[WHAT YOU SHOULD DO] Please output only the lines running from the one that contains "Občianske združenie MAMA" through the last line of the data below, exactly as they stand, with no pictures.
───── DATA EXCERPT ─────
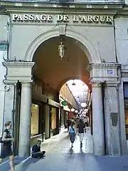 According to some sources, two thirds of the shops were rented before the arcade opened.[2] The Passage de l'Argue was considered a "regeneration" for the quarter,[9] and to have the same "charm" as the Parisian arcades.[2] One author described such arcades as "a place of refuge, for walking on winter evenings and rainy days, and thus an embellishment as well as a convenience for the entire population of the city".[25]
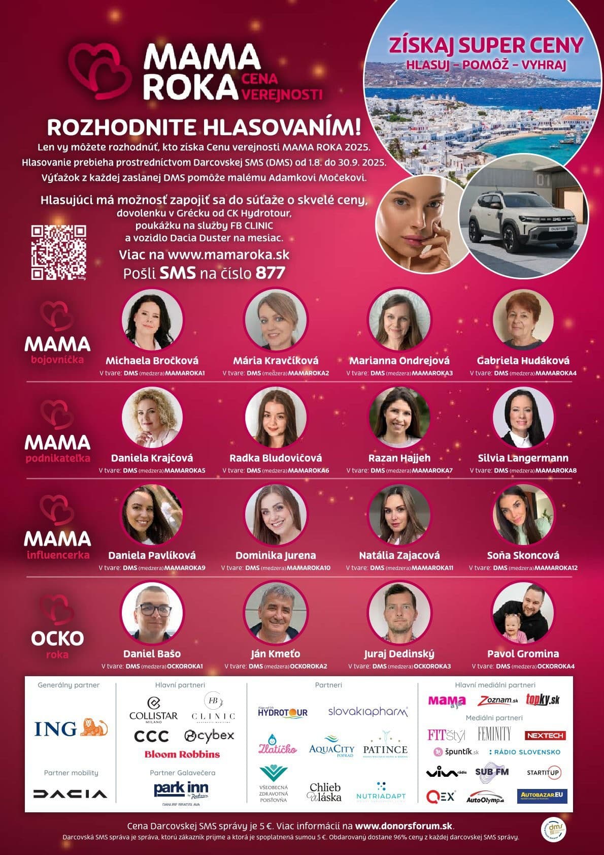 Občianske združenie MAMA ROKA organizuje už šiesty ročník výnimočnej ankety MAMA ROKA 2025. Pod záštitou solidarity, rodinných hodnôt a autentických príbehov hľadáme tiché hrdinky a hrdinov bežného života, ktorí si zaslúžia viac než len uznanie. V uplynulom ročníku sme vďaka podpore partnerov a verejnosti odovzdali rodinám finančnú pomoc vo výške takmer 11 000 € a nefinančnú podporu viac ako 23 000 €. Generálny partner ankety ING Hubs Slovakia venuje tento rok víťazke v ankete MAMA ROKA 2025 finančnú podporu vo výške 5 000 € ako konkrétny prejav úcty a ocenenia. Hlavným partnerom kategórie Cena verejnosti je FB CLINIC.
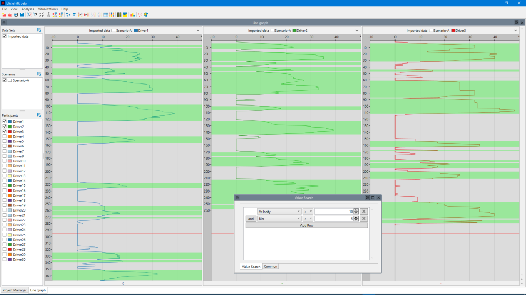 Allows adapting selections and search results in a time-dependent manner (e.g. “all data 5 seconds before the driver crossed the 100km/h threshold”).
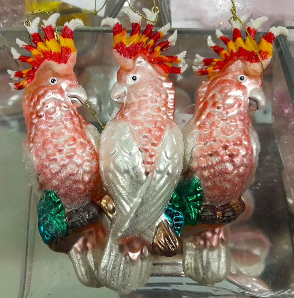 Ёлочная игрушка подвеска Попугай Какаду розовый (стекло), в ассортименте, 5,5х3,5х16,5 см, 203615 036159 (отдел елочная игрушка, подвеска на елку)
─────
[EXERCISE RESULT]
 Občianske združenie MAMA ROKA organizuje už šiesty ročník výnimočnej ankety MAMA ROKA 2025. Pod záštitou solidarity, rodinných hodnôt a autentických príbehov hľadáme tiché hrdinky a hrdinov bežného života, ktorí si zaslúžia viac než len uznanie. V uplynulom ročníku sme vďaka podpore partnerov a verejnosti odovzdali rodinám finančnú pomoc vo výške takmer 11 000 € a nefinančnú podporu viac ako 23 000 €. Generálny partner ankety ING Hubs Slovakia venuje tento rok víťazke v ankete MAMA ROKA 2025 finančnú podporu vo výške 5 000 € ako konkrétny prejav úcty a ocenenia. Hlavným partnerom kategórie Cena verejnosti je FB CLINIC.
 Allows adapting selections and search results in a time-dependent manner (e.g. “all data 5 seconds before the driver crossed the 100km/h threshold”).
 Ёлочная игрушка подвеска Попугай Какаду розовый (стекло), в ассортименте, 5,5х3,5х16,5 см, 203615 036159 (отдел елочная игрушка, подвеска на елку)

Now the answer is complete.